### Description of the task
Each record should be given again exactly as it appears, with no image included.

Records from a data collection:
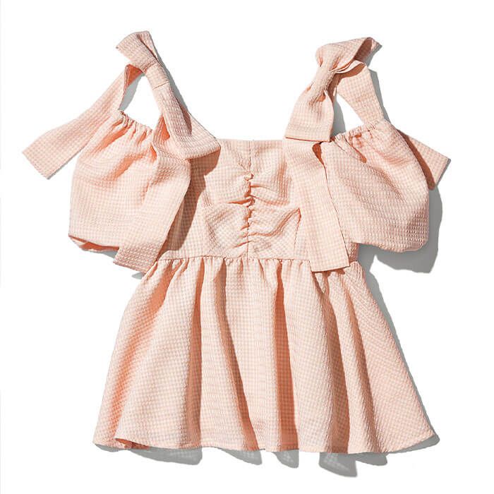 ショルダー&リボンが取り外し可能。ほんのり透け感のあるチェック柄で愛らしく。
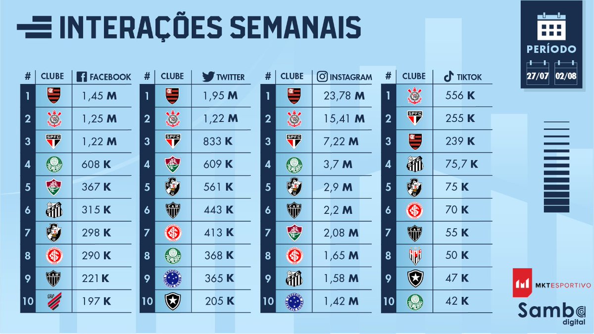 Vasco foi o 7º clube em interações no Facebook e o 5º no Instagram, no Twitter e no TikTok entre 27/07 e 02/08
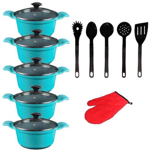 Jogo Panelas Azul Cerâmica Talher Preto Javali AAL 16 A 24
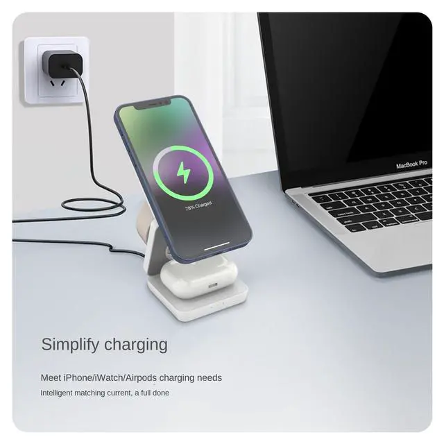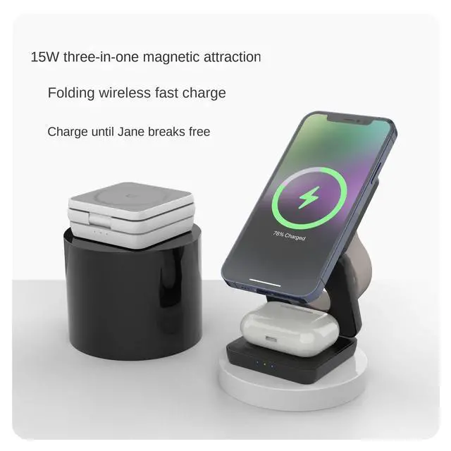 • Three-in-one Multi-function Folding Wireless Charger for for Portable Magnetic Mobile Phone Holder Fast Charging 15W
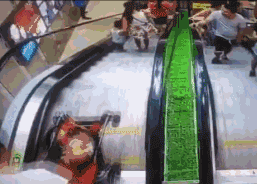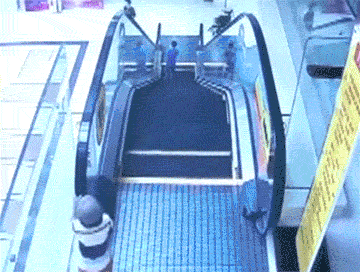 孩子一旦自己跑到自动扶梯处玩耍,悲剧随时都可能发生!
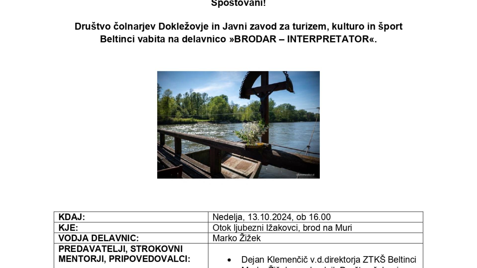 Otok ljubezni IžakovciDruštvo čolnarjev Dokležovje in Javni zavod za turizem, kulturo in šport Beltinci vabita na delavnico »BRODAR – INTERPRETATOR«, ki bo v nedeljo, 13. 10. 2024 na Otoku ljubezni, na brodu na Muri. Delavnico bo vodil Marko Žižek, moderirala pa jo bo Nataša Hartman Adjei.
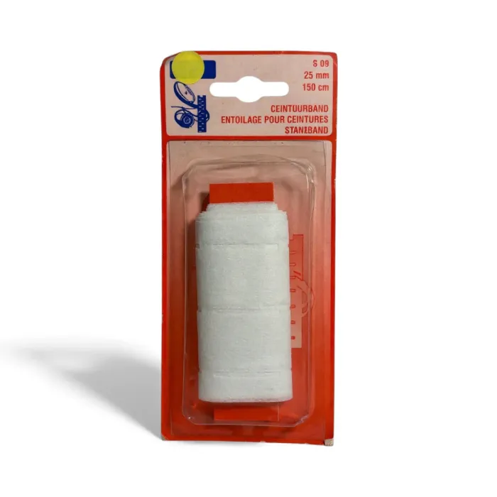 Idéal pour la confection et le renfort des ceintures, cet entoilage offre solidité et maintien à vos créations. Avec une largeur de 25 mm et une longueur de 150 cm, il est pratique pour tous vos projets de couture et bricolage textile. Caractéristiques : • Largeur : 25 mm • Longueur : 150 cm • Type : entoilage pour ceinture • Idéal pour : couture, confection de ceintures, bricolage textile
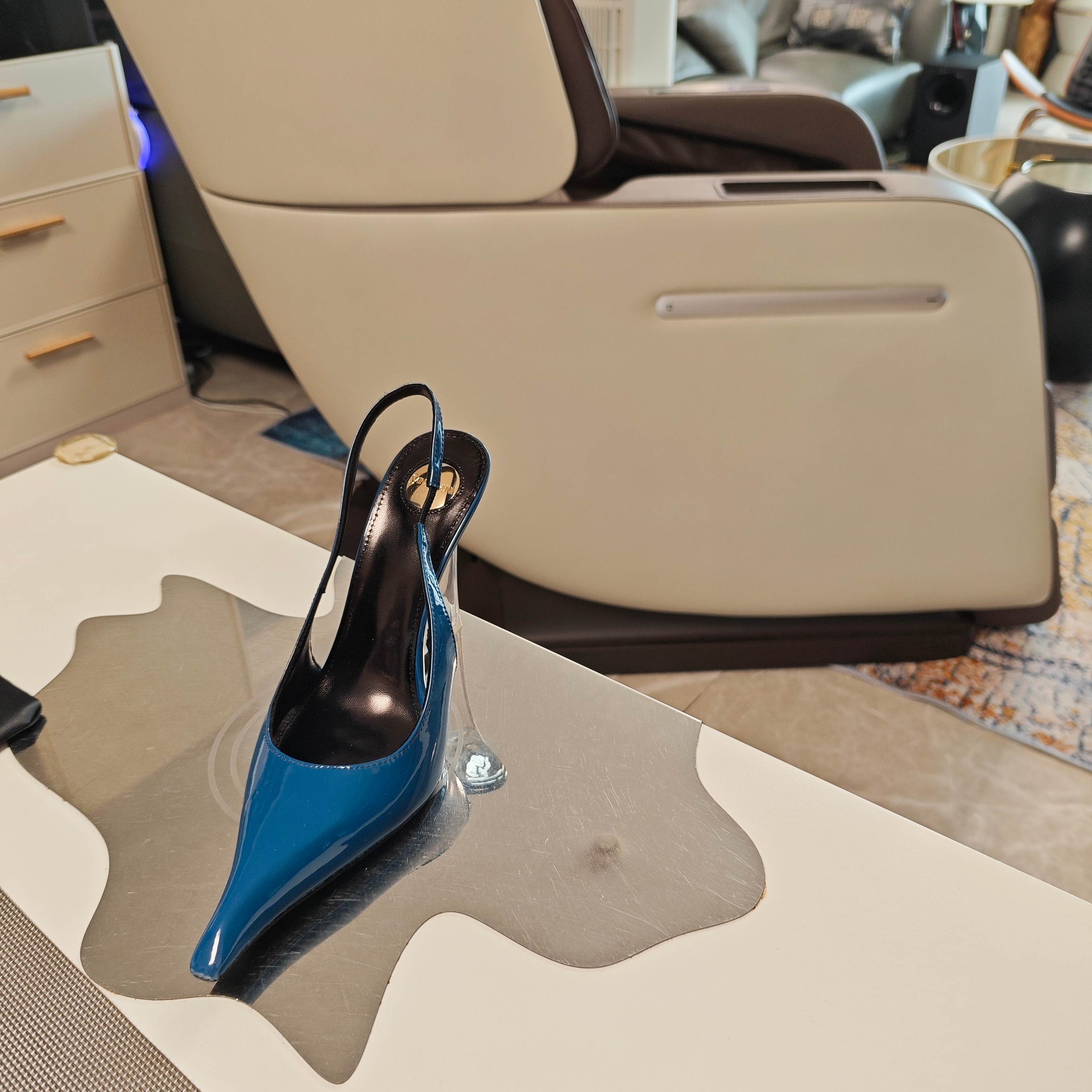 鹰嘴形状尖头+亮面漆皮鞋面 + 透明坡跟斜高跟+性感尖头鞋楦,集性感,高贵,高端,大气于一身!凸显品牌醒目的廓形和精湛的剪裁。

### Response to this task
 ショルダー&リボンが取り外し可能。ほんのり透け感のあるチェック柄で愛らしく。
 Vasco foi o 7º clube em interações no Facebook e o 5º no Instagram, no Twitter e no TikTok entre 27/07 e 02/08
 Jogo Panelas Azul Cerâmica Talher Preto Javali AAL 16 A 24
 • Three-in-one Multi-function Folding Wireless Charger for for Portable Magnetic Mobile Phone Holder Fast Charging 15W
 孩子一旦自己跑到自动扶梯处玩耍,悲剧随时都可能发生!
 Otok ljubezni IžakovciDruštvo čolnarjev Dokležovje in Javni zavod za turizem, kulturo in šport Beltinci vabita na delavnico »BRODAR – INTERPRETATOR«, ki bo v nedeljo, 13. 10. 2024 na Otoku ljubezni, na brodu na Muri. Delavnico bo vodil Marko Žižek, moderirala pa jo bo Nataša Hartman Adjei.
 Idéal pour la confection et le renfort des ceintures, cet entoilage offre solidité et maintien à vos créations. Avec une largeur de 25 mm et une longueur de 150 cm, il est pratique pour tous vos projets de couture et bricolage textile. Caractéristiques : • Largeur : 25 mm • Longueur : 150 cm • Type : entoilage pour ceinture • Idéal pour : couture, confection de ceintures, bricolage textile
 鹰嘴形状尖头+亮面漆皮鞋面 + 透明坡跟斜高跟+性感尖头鞋楦,集性感,高贵,高端,大气于一身!凸显品牌醒目的廓形和精湛的剪裁。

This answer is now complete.